Extended Data Fig. 1 Further description of SWR statistics and propagation in vivo.

a, The amplitude and frequency of sharp waves vary as the animal transitions between slow-wave and REM sleep. Top, illustrative LFP trace (<150 Hz) showing a decrease in sharp-wave amplitude and frequency around the slow-wave–REM transition point. Open circles indicate detected sharp waves3 (see Methods). Data in ad are from the same animal and a single night, and correspond to the recording in Fig. 1 (anterior recording site, red). Statistics are based on n = 11,123 sharp waves. b, Distribution of sharp-wave width (measured at half peak amplitude) and peak amplitude from the animal in a and Fig. 1. Pr, probability. c, Average sharp-wave trace ± 1 s.d. (grey) calculated over n = 11,123 sharp waves. d, Inter-event interval (IEI) for sharp waves recorded during slow-wave sleep. The y axis (probability) is on a logarithmic scale. e, f, Summary of data recorded over five nights from two animals. Each circle represents the mean of one night; black line shows the median. e, Mean inter-event intervals during slow-wave sleep. f, Mean sharp-wave width and amplitude (n = 8,055–13,494 sharp waves per night). g, Delay distributions of sharp waves in anterior (or posterior) DVR, triggered on simultaneously recorded posterior (or anterior) DVR. Sharp waves from three nights (animal 1; n = 24,501 sharp waves) and two nights (animal 2; n = 13,070 sharp waves). h, Locations of simultaneous recording sites in the aDVR (circles). Left, schematic of recording configuration. Middle and right, confocal images highlighting the recording sites, as identified by electrolytic lesions and DiI dye that was applied to the back of the silicon probes. Post hoc staining with an antibody against hippocalcin was used to determine the borders of the claustrum (see Fig. 3).

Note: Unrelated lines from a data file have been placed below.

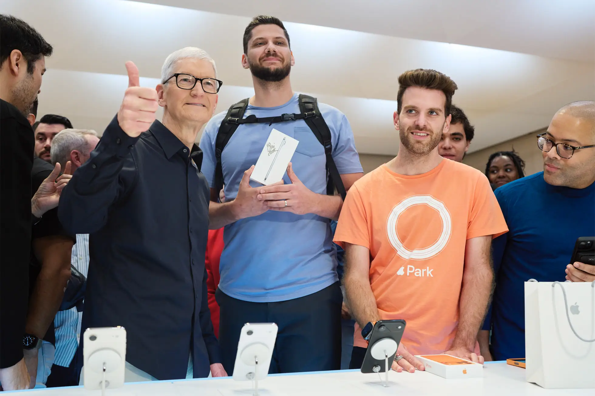 Tim Cook pozuje z klientami kupującymi nowego iPhone’a Air.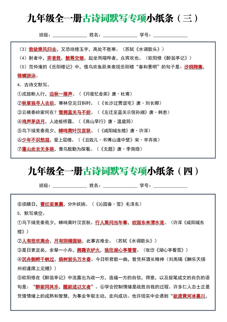 初级 九年级全一册古诗文天天默写小纸条【答案】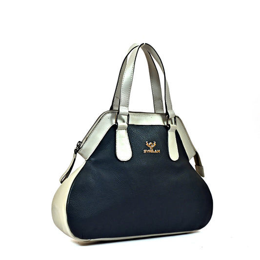 Syraah Dual Elegance - Ash & Navy Blue Leather Handbag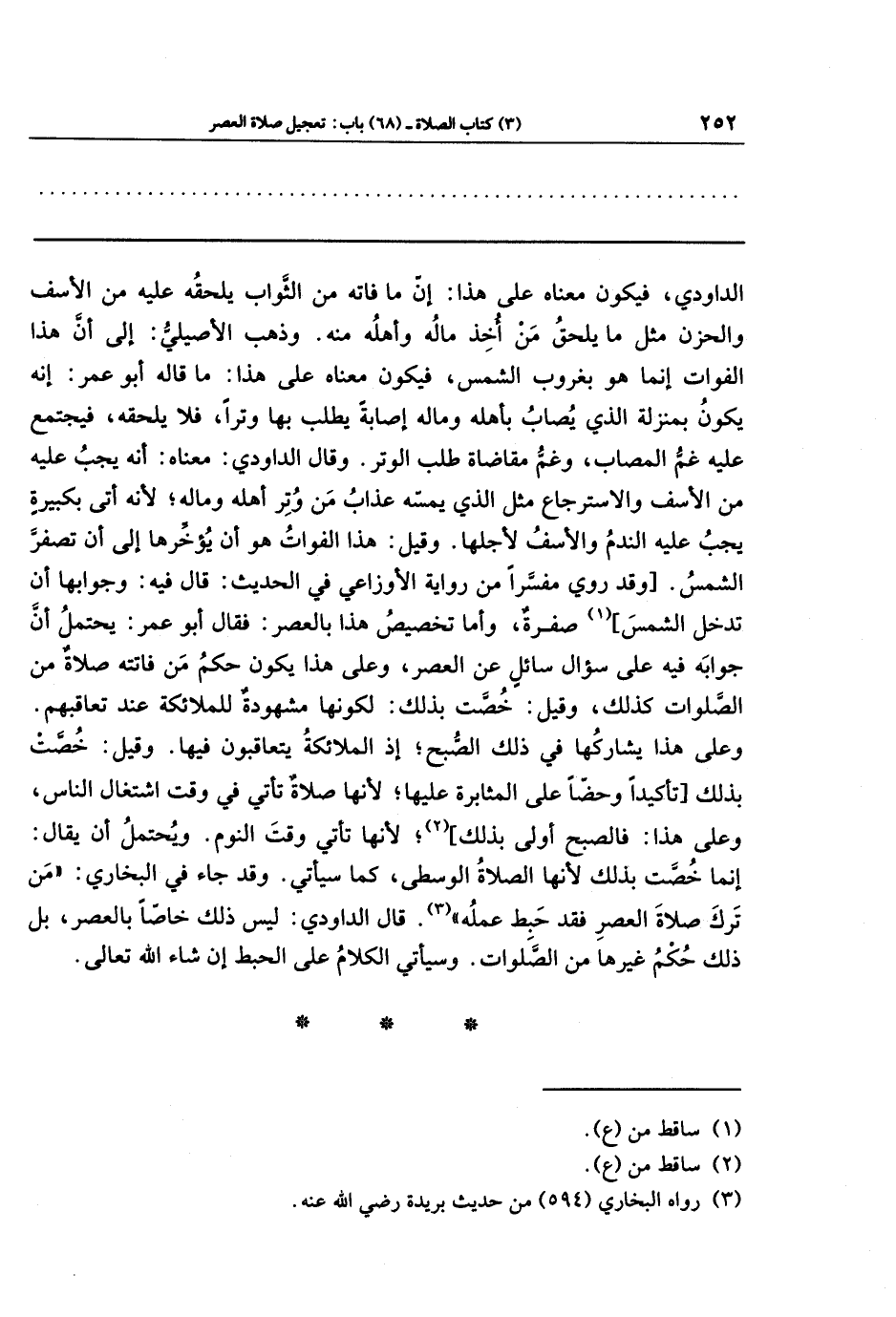 الداودي. فيكون معناه على هذا: إن ما فاته من الثواب يلحقه عليه من الأسف والحزن مثل ما يلحق من أُخذ ماله وأهله منه. وذهب الأصيلي: إلى أن هذا الفوات إنما هو بغروب الشمس، فيكون معناه على هذا: ما قاله أبو عمر: إنه يكون بمنزلة الذي يصاب بأهله وماله إصابة يطلب بها وترًا، فلا يلحقه، فيجتمع عليه غمُّ المصاب، وغمُّ مقاضاة طلب الوتر. وقال الداودي: معناه: أنه يجب عليه من الأسف والاسترجاع مثل الذي يمسه عذاب من وتر أهله وماله؛ لأنه أتى بكبيرة يجب عليه الندم والأسف لأجلها. وقيل: هذا الفوات هو أن يؤخرها إلى أن تصفر الشمس، [وقد روي مفسرًا من رواية الأوزاعي في الحديث؛ قال فيه: وجوابها أن تدخل الشمس] (¬1) صفرة. وأما تخصيص هذا بالعصر، فقال أبو عمر: يحتمل أن جوابه فيه على سؤال سائل عن العصر، وعلى هذا يكون حكم من فاتته صلاة من الصلوات كذلك. وقيل: خصت بذلك: لكونها مشهودة للملائكة عند تعاقبهم، وعلى هذا يشاركها في ذلك الصبح؛ إذ الملائكة يتعاقبون فيها. وقيل: خصت بذلك [تأكيدًا وحضًّا على المثابرة عليها؛ لأنها صلاة تأتي في وقت اشتغال الناس. وعلى هذا فالصبح أولى بذلك] (¬2)؛ لأنها تأتي وقت النوم. ويحتمل أن يقال: إنما خصت بذلك لأنها الصلاة الوسطى، كما سيأتي. وقد جاء في البخاري: من ترك صلاة العصر فقد حبط عمله (¬3). قال الداودي: ليس ذلك خاصًّا بالعصر، بل ذلك حكم غيرها من الصلوات. وسيأتي الكلام على الحَبطِ إن شاء الله تعالى.

Extended Data Fig. 2 Comparison of SWR statistics across preparations and recording conditions.

a, Slice preparation (see Methods) for field-potential recordings. b, Spontaneous sharp waves (LFP; <150 Hz) and corresponding ripples (high-pass (HP) band; 70–150 Hz) in the amDVR. Insets: top left, magnification of the SWR marked with a dotted box; top right, 350 ripples; high-pass signal intensity (HPI) >70 Hz aligned on trough of sharp wave (overlaid as average). c, Distribution of amplitude (x) and width (y, full width at half maximum) of SWR events in a representative DVR slice. d, Distribution of SWR amplitude and width (as in c) in a representative ex vivo preparation. e, Ratio of amplitude (μV) to width (ms); n = 5 sleep epochs from 3 animals (in vivo; blue), 4 ex vivo brains (red) and 12 slices (green). Lines show the mean. f, Autocorrelation function of sharp-wave times, showing that the characteristic rhythmic modulation of sharp-wave generation (which is due to the alternation of slow-wave sleep and REM sleep with a 2–3 min period) in sleeping animals is absent from both ex vivo brain preparations and slice preparations (n = 5 sleep epochs from 3 animals (in vivo), 4 ex vivo brains and 12 slices). g, Whole-cell patch-clamp recording (in current-clamp mode) of a DVR neuron (Vm), together with LFP recording in a neighbouring region (V (LFP)) with a glass micropipette. Note the simultaneous depolarization of the neuron and SWRs, and moderate neuronal depolarization that gives rise to occasional firing (three action potentials here). The experiment was repeated with 12 neurons. h, Whole-cell patch-clamp recording of an amDVR neuron in voltage-clamp mode, held at depolarized (blue) and hyperpolarized (red) holding potentials (Vh). Note the volleys of excitatory (red) and inhibitory (blue) currents at each SWR (LFP), and the near absence of synaptic input in between. i, Spike times of a patched amDVR neuron in relation to sharp waves. Note the locking to the sharp-wave trough (t = 0), and the absence of firing otherwise (n = 2 amDVR neurons). j, Mean excitatory (ge) and inhibitory (gi) conductances (n = 20 and 21 events, respectively). The black and grey lines show averaged sharp waves recorded with inhibitory and excitatory conductances, respectively. Traces are aligned on the sharp-wave trough.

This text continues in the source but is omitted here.